### TASK INSTRUCTIONS
Set the listing down again exactly, please, apart from its pictures.

==== AVAILABLE DATA ====

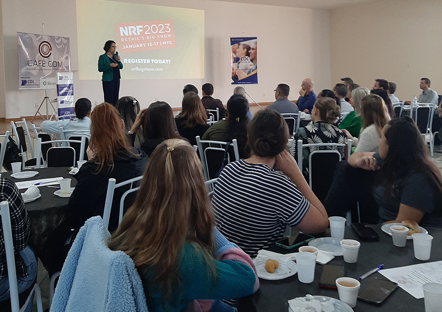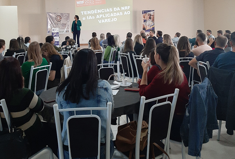 A convidada desta edição do Café com associados foi a diretora do Senac Etiene Azambuja que falou sobre as tendências da NRF e a Inteligência Artificial aplicadas ao varejo. NRF é o Big Show do varejo, a última edição reuniu quase 40 mil varejistas, fornecedores e especialistas do setor do varejo em Nova York nos dias 14 a 17 de Janeiro de 2023.
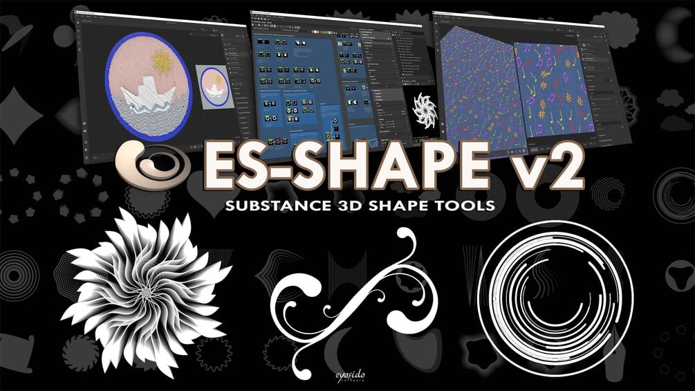 - ES-Shape components for Substance 3D Designer, Painter, Sampler et Generic hosts, in SBSAR format.
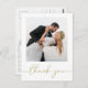 Ce design comprend un script de calligraphie or simple moderne, un minimaliste minimaliste minimaliste de deux photos, un couple photo mariage, un modèle contemporain épuré, une police de texte de script de typographie élégante, un mariage photo cartes de remerciement, un design personnalisé customisé, une police de lettrage doré manuscrit, un script original simpliste et élégant, une calligraphie mariage budget amical merci cartes
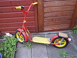 In begin jaren 90 leidde een Finse student hiervan de kickbike af, maar dan zonder de bekende kleine wielen. Hij werd lichter en er kwamen grotere wielen onder. Inmiddels is het een wedstrijdsport en worden er diverse wedstrijden georganiseerd, zo ook een NK en EK.

====

### THE COMPLETED TASK
 A convidada desta edição do Café com associados foi a diretora do Senac Etiene Azambuja que falou sobre as tendências da NRF e a Inteligência Artificial aplicadas ao varejo. NRF é o Big Show do varejo, a última edição reuniu quase 40 mil varejistas, fornecedores e especialistas do setor do varejo em Nova York nos dias 14 a 17 de Janeiro de 2023.
 - ES-Shape components for Substance 3D Designer, Painter, Sampler et Generic hosts, in SBSAR format.
 Ce design comprend un script de calligraphie or simple moderne, un minimaliste minimaliste minimaliste de deux photos, un couple photo mariage, un modèle contemporain épuré, une police de texte de script de typographie élégante, un mariage photo cartes de remerciement, un design personnalisé customisé, une police de lettrage doré manuscrit, un script original simpliste et élégant, une calligraphie mariage budget amical merci cartes
 In begin jaren 90 leidde een Finse student hiervan de kickbike af, maar dan zonder de bekende kleine wielen. Hij werd lichter en er kwamen grotere wielen onder. Inmiddels is het een wedstrijdsport en worden er diverse wedstrijden georganiseerd, zo ook een NK en EK.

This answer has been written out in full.